Based on similarities, the species fall into two groups. One group consists of A. coracoideus and A. thoracatus which have a coracoid covered by a thin layer of integument (allowing the coracoid to be seen from below) and an obliquely truncated caudal fin. The other includes A. longimanus and A. punctatus which has a thick layer of skin covering the coracoid and an emarginate or symmetrical caudal fin. A. coracoideus typically has 25 or fewer branched anal fin rays, while A. thoracatus typically has 26 or more branched anal-fin rays. A. punctatus has a body with variably sized dark spots scattered over the body and the fins, while A. longimanus does not.
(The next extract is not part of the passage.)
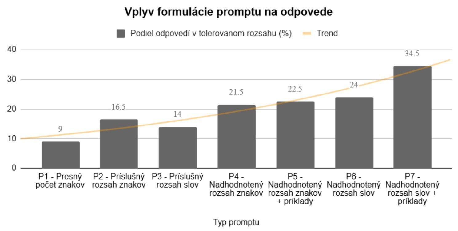 Graf 1: Porovnanie štýlu zadania promptu a trend odpovedí v tolerovanom rozsahu (zdroj: vlastné spracovanie)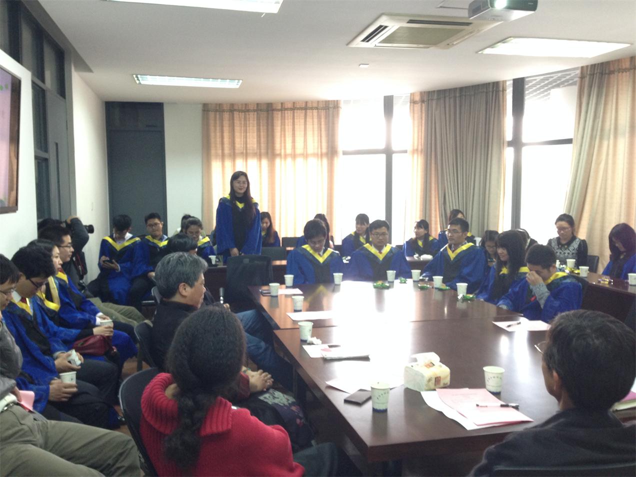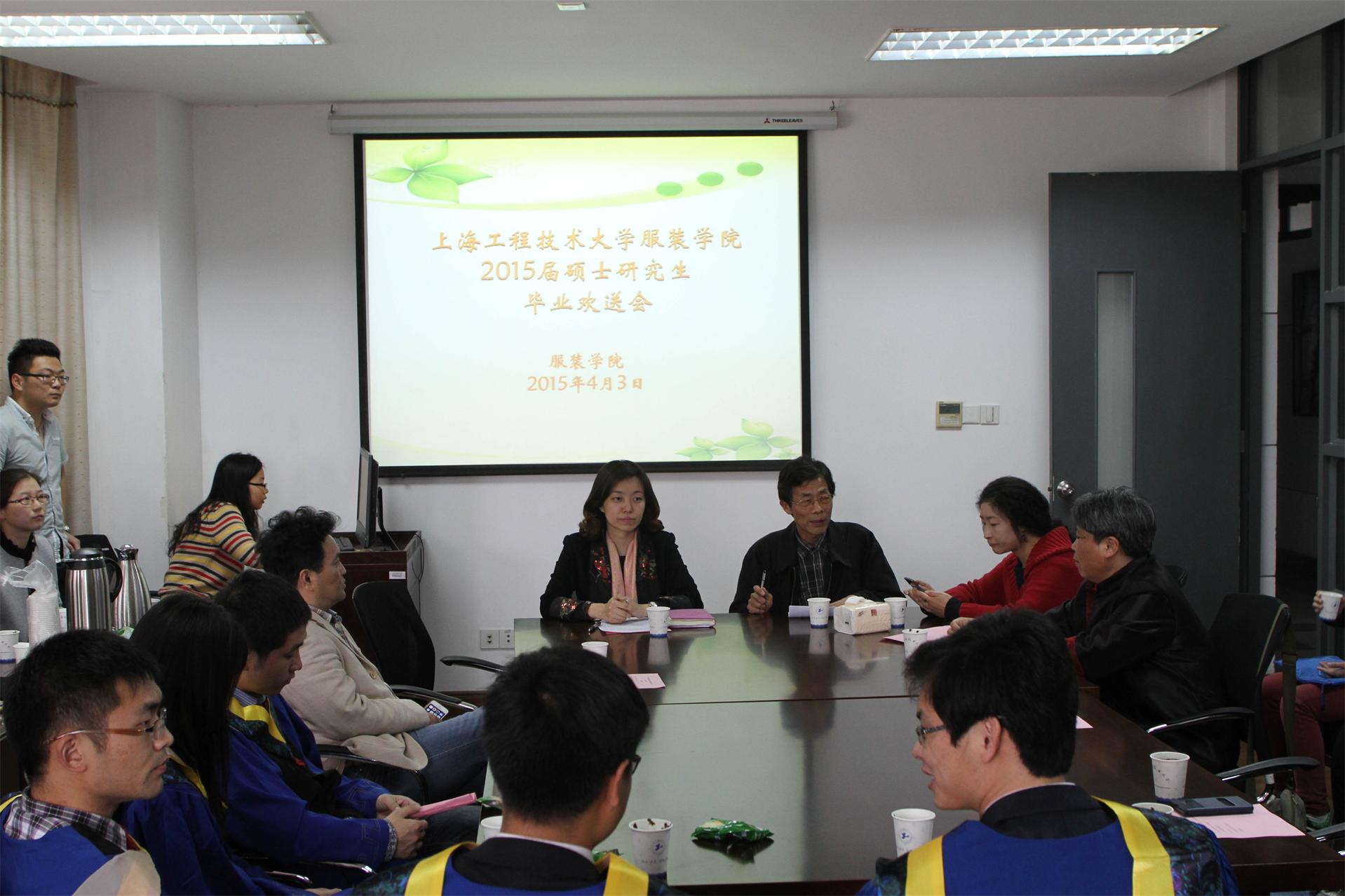 会上,沈勇副院长首先总结回顾了服装学院2015届硕士研究生总体情况,2015届研究生在校期间取得丰硕成果,本届学生发表SCI论文4篇,2名同学获得国家奖学金,与此同时,2015届同学发表了大量的核心期刊论文,获得多项专利,荣获国家级、省部级的多项荣誉。最后,通过导师和学生的共同努力圆满完成了研究生期间的课程任务和毕业论文,可谓收获颇丰,硕果累累。

Species of Auchenipterichthys are sexually dimorphic. Breeding males of A. coracoideus have an elongated dorsal fin spine. In A. longimanus and A. thoracatus, serrae on the end of the dorsal fin spine are proportionally longer in breeding males than in juveniles and females. Also, females have an enlarged urogenital opening. Males have their urogenital opening located at the end of a tube bound by integument to the anterior margin of the anal fin. The males use their modified anal fin as a means of internal insemination; the female can later lay the eggs in isolation.

==Ecology==
Auchenipterichthys species are insectivores. A. longimanus has been reported to feed primarily on terrestrial invertebrates. There is also evidence that A. longimanus is involved in seed dispersal. Auchenipterichthys species are also capable of producing sound.